Exigências físicas e logísticas

Um trekking extremo, sem precedentes.

O trekking começa após uma aproximação motorizada (carro, ônibus ou caminhão) de um a dois dias a partir de Cusco, dependendo das condições da estrada, passando pela Quebrada de Yanatile. A caminhada a pé, seja em direção ao sítio a ser limpo ou à zona de exploração da cidade perdida (provavelmente situada no planalto do Pantiacolla, ao norte da cordilheira do Toporaké), atravessa a zona do Toporaké.

Este roteiro acumula entre 7.000 e potencialmente 10.000-12.000 metros de desnível positivo, dependendo da configuração exata da expedição, distribuídos em 12 a 18 dias de acampamentos sucessivos — sob barraca ou sob lona —, com um ou vários acampamentos possíveis até um máximo de 4.000 metros de altitude.

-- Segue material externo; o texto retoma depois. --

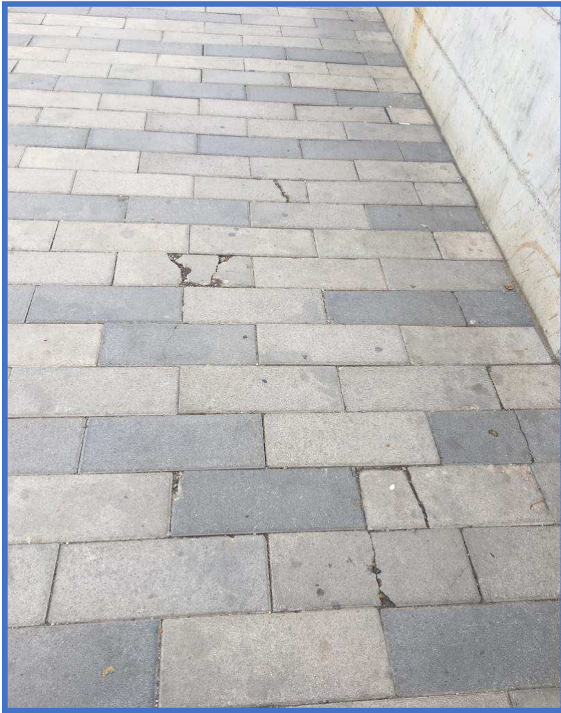
Fig 1 Vihen re thyerje e plasaritje te pllakave te trotuareve

Ka sipërfaqe të shtresës së asfaltit e cila ka filluar që të thërmohet e të shkëputet (gjë që tregon se shtresa asfaltike nuk është material cilësor dhe sipas standarteve);

Acampamento base ao entardecer, a caminho do sítio piramidal de Lacco Mapacho

Acampamento base no fim do dia — fogueira, primeiras estrelas e descanso antes da próxima jornada.

O percurso atravessa o sopé andino, uma floresta baixa que cobre as encostas até os 3.000 m, extremamente densa — muito mais do que a Amazônia de planície. Alguns trechos são, por isso, muito lentos e precisam ser abertos com facão, um trabalho sempre sujeito a autorização prévia do Sernanp; certos dias não podem ultrapassar 2 km percorridos, mesmo para os perfis mais bem treinados.

Fila de carregadores avançando com carga na floresta densa do Toporaké

Avançando em fila pela floresta densa do sopé andino — o ritmo é ditado pelo trecho mais difícil, não pelo mais rápido.

A subida inicial a partir de Lacco (3 dias) pode ser feita com ajuda de mulas, mas a carga humana continua sendo considerável: entre 10 e 35 kg, dependendo da capacidade de cada participante.

Expedição carregando material sobre uma crista, rota da Quebrada de Yanatile

Carga compartilhada em altitude, acima das nuvens, a caminho do acampamento.

O formato da expedição se adapta de acordo com os participantes, mas trata-se, sem dúvida, de um trekking extremo — até mesmo único em seu gênero.

⚠ Responsabilidade e resgate: este roteiro está sujeito à assinatura de um termo de isenção de responsabilidade civil. Nenhum resgate por helicóptero é possível na região, devido ao clima muito variável, às autorizações necessárias (diferentes daquelas que autorizam a expedição a pé) e à impossibilidade técnica de pousar nas áreas florestadas abaixo de 3.000 m, onde se situam dois terços do percurso.
Preços

Estrutura de preços.

Dada a natureza extrema e variável desta expedição, o orçamento não segue uma tarifa fixa.

Orçamento sob medida

O orçamento desta expedição é elaborado em conjunto entre o candidato e os guias que o acompanharão. Varia de acordo com a configuração exata do trekking, sua duração (12 a 18 dias), o equipamento necessário e as autorizações exigidas.